Go to the line holding "Šī ir klasiskā" in the data below and repeat it exactly, then each line after it up to and including the one holding "최강희호가 2014브라질월드컵 최종예선". Omit pictures.

_Data in this exercise_
****************************************

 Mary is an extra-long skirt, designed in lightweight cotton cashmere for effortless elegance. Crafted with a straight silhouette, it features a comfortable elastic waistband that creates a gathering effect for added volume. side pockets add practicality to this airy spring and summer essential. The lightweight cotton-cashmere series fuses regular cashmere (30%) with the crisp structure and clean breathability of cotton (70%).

****************************************

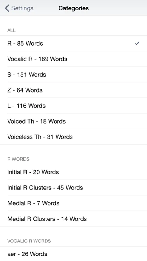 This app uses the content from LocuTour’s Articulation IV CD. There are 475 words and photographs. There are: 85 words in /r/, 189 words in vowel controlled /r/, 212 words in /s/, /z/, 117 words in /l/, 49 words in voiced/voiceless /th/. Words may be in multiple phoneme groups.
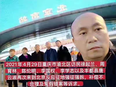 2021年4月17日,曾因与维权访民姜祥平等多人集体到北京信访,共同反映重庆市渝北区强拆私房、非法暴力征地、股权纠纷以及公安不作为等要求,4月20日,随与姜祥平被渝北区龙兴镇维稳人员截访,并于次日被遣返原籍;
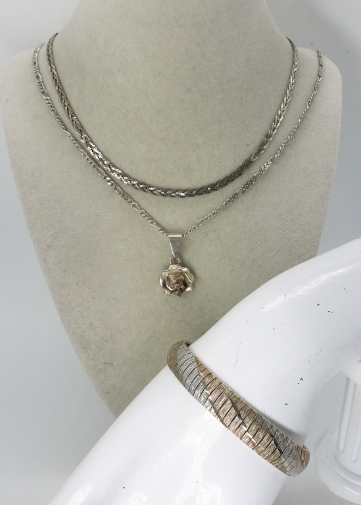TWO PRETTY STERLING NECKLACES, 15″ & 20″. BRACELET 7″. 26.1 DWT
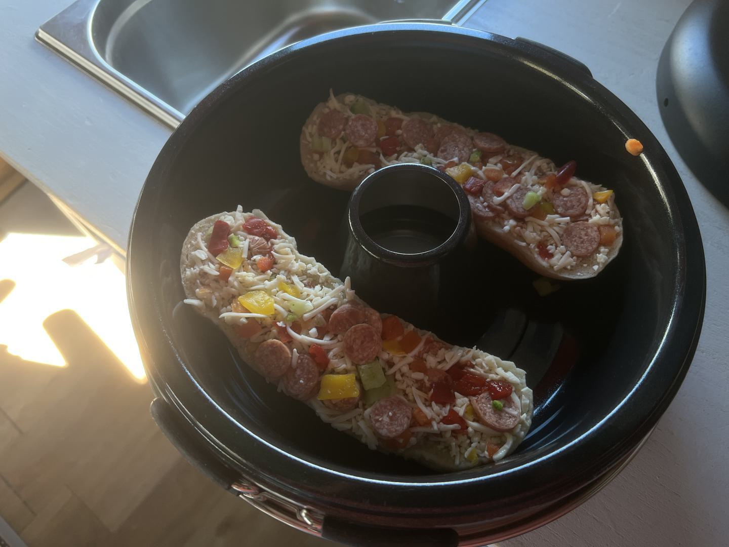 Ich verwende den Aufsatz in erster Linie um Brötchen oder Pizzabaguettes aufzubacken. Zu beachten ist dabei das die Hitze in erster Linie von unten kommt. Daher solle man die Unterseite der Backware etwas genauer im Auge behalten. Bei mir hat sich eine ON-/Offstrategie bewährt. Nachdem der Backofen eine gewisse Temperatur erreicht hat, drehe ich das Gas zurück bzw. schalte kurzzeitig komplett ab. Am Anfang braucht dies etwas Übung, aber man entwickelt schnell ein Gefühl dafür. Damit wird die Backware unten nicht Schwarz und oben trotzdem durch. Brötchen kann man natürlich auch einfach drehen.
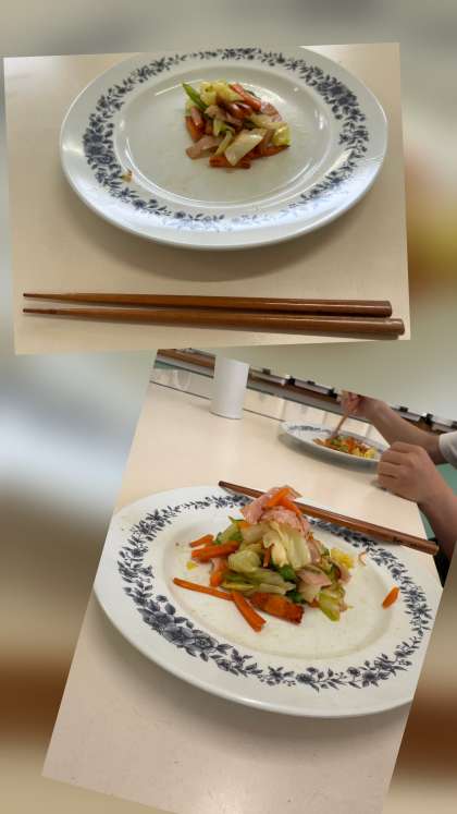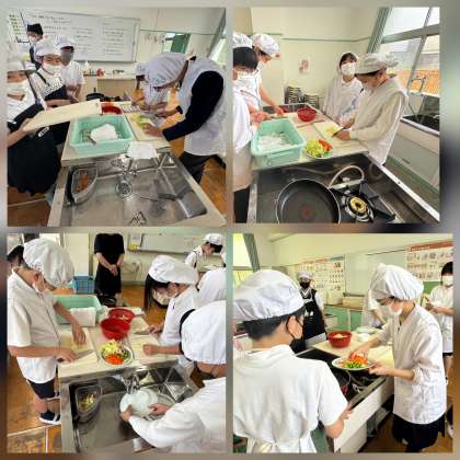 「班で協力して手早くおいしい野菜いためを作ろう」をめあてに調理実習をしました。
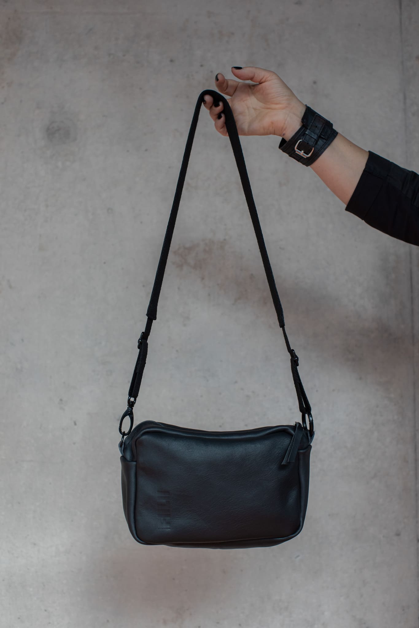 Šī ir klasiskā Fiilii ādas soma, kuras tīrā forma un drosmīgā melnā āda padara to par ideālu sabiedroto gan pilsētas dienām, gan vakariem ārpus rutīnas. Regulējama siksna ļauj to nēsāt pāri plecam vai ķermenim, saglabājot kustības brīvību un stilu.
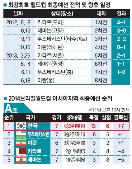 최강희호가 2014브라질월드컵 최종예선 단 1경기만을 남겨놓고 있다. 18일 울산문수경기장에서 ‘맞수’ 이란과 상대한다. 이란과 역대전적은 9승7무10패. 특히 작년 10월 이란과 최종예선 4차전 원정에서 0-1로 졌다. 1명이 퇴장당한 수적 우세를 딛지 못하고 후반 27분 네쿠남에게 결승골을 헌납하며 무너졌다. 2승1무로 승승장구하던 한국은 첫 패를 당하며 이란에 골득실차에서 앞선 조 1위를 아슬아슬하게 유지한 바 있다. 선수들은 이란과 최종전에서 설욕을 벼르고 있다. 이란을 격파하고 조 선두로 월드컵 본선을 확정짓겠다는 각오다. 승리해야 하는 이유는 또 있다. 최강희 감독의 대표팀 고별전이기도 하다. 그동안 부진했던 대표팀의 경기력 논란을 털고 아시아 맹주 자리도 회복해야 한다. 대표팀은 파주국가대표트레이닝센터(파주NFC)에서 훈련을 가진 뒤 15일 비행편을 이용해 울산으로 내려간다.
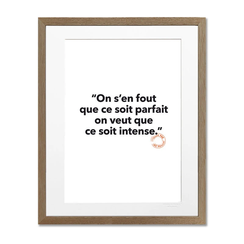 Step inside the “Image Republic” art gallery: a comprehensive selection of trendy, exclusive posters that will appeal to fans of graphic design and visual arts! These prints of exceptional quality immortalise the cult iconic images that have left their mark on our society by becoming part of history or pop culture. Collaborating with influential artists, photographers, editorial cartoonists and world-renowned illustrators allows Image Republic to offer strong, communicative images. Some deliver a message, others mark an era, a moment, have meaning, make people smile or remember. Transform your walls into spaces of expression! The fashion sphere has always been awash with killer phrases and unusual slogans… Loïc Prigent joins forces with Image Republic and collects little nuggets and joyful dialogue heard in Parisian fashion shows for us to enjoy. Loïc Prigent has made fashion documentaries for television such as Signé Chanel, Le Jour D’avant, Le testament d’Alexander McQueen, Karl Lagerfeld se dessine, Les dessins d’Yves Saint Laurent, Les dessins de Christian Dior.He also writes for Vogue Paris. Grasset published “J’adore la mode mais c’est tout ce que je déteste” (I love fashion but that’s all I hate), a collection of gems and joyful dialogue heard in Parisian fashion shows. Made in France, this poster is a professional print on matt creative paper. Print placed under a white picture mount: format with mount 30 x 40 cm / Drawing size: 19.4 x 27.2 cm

****************************************

_Exercise output_
 Šī ir klasiskā Fiilii ādas soma, kuras tīrā forma un drosmīgā melnā āda padara to par ideālu sabiedroto gan pilsētas dienām, gan vakariem ārpus rutīnas. Regulējama siksna ļauj to nēsāt pāri plecam vai ķermenim, saglabājot kustības brīvību un stilu.
 최강희호가 2014브라질월드컵 최종예선 단 1경기만을 남겨놓고 있다. 18일 울산문수경기장에서 ‘맞수’ 이란과 상대한다. 이란과 역대전적은 9승7무10패. 특히 작년 10월 이란과 최종예선 4차전 원정에서 0-1로 졌다. 1명이 퇴장당한 수적 우세를 딛지 못하고 후반 27분 네쿠남에게 결승골을 헌납하며 무너졌다. 2승1무로 승승장구하던 한국은 첫 패를 당하며 이란에 골득실차에서 앞선 조 1위를 아슬아슬하게 유지한 바 있다. 선수들은 이란과 최종전에서 설욕을 벼르고 있다. 이란을 격파하고 조 선두로 월드컵 본선을 확정짓겠다는 각오다. 승리해야 하는 이유는 또 있다. 최강희 감독의 대표팀 고별전이기도 하다. 그동안 부진했던 대표팀의 경기력 논란을 털고 아시아 맹주 자리도 회복해야 한다. 대표팀은 파주국가대표트레이닝센터(파주NFC)에서 훈련을 가진 뒤 15일 비행편을 이용해 울산으로 내려간다.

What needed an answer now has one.